To this day, making the swim under that raft is one of the scariest memories I have.  I knew people drowned in the lake, had heard the stories and knew the dangers.  Under the raft the water was cold and dark, black like the entrance to a cave where something bad was either trapped or waiting to trap you.  I used to imagine the lake being hungry, like some angry being that required a sacrifice and would not be satisfied until it had taken the life and absorbed the essence of yet one more swimmer.

It is a strange two-sided remembrance, however, because while the thought of being snagged beneath the raft terrified me, stretching out face down on its surface in hot sunshine was bliss.  The feel of wind on wet skin, hearing the waves lap against the sides and slowly inhaling, exhaling, going within to just be.
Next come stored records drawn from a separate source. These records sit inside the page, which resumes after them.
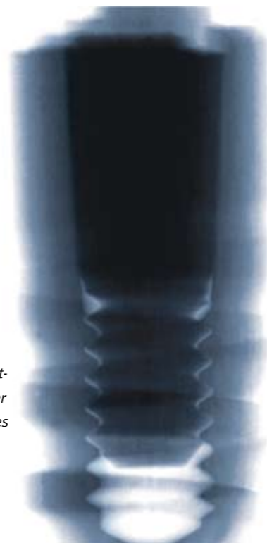
X-ray image of the Ankylos implant-abutment connection after 1,000,000 load cycles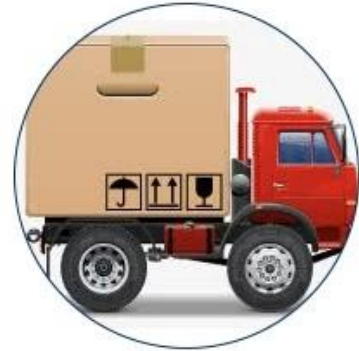
6. Start shipping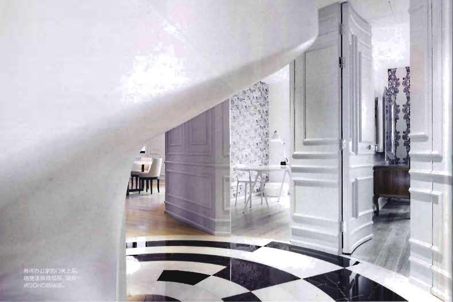
各间办公室的门关上后， 地板与墙形成圆形，还有一点SOHO的效果。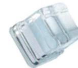
SCN 35 SCN 45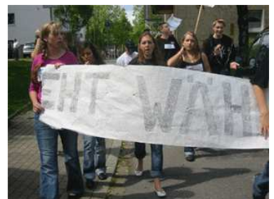
Demonstration „Geht wählen!“ der Gesamtschule Essen-Borbeck

Informationen zu den Wahlcafés zur Landtagswahl und zur Bundestagswahl 2005 http://www.friedensband.de/wahl/index.htm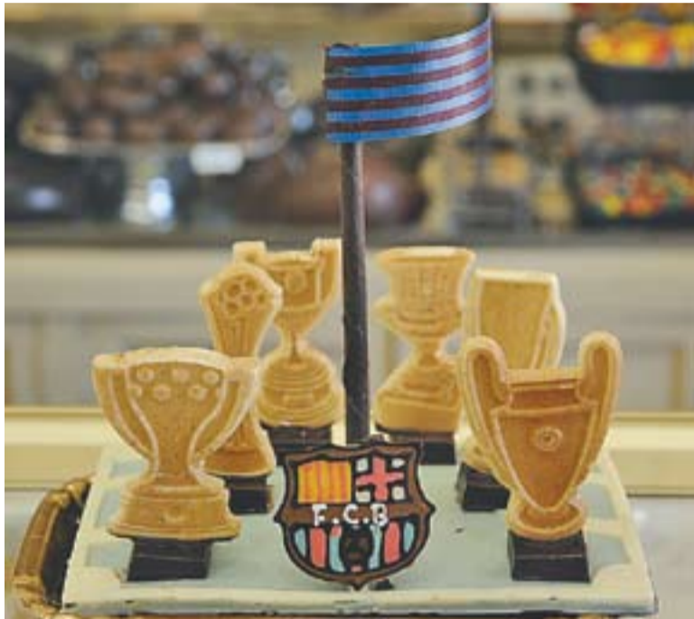
Les 6 copes del Barça són una de les mones més demanades.

El Barça i els dibuixos de sèries infantils omplen els aparadors de les pastisseries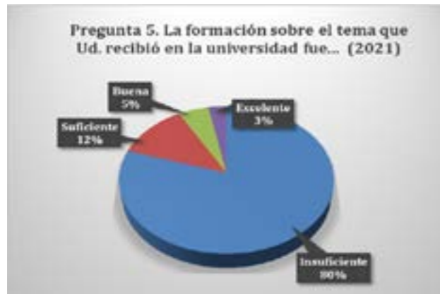
Figura 4. Percepción de la propia formación universitaria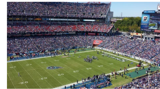
Het stadion van de Tennessee Titans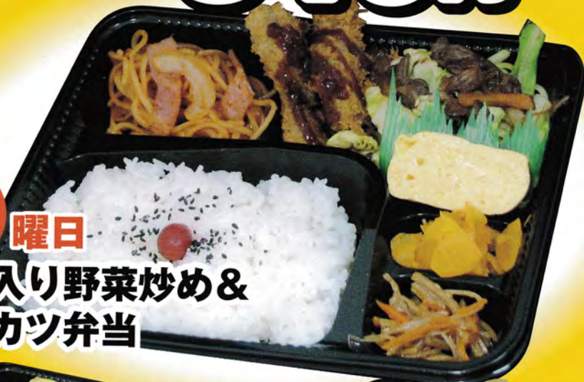
火曜日 牛肉入り野菜炒め& 一口カツ弁当

It’s odd how smells imprint themselves on us and bring images and sensations from days long ago.  One dank whiff and I saw the wind in the poplars, the ducks foraging along the banks, the fishermen eschewing the beach and heading down the dirt road for the far shore, cups of worms and the horrid stink bait in their coolers.  I remember wading in up to my waist and seeing fish swimming around my legs.  No matter the species I always called them Perch since that was mostly what I knew.

The summer I worked at the lake as a lifeguard some of the magic dimmed. That year there were carpets of moss floating, attaching spiny strands to the limbs and hair of swimmers, causing me more than one nightmare about someone drowning.  There were sand fleas.  Duck poop.  People left mounds of ugly cigarette butts that had to be picked up before I could rake the beach.  Daily I blew my whistle at kids playing with the buoys that separated shallow from deep because I had to wade out and restring them again.  There were nosebleeds, broken chaise loungers, missing rings, earrings, lost club cards and many other things that no longer matter.  My formal introduction to responsibility and the world of working adults brought an end to those sensory rich summers lived at the lake.

One would think I might have included some of this in one of my novels, perhaps even the one with the word “Lake” in the title?  But no, it seems I’ve been holding these memories close to me, waiting for the right day, the right time, the right smell, to come along and remind me that those daring swims and blissful waves still lap inside me.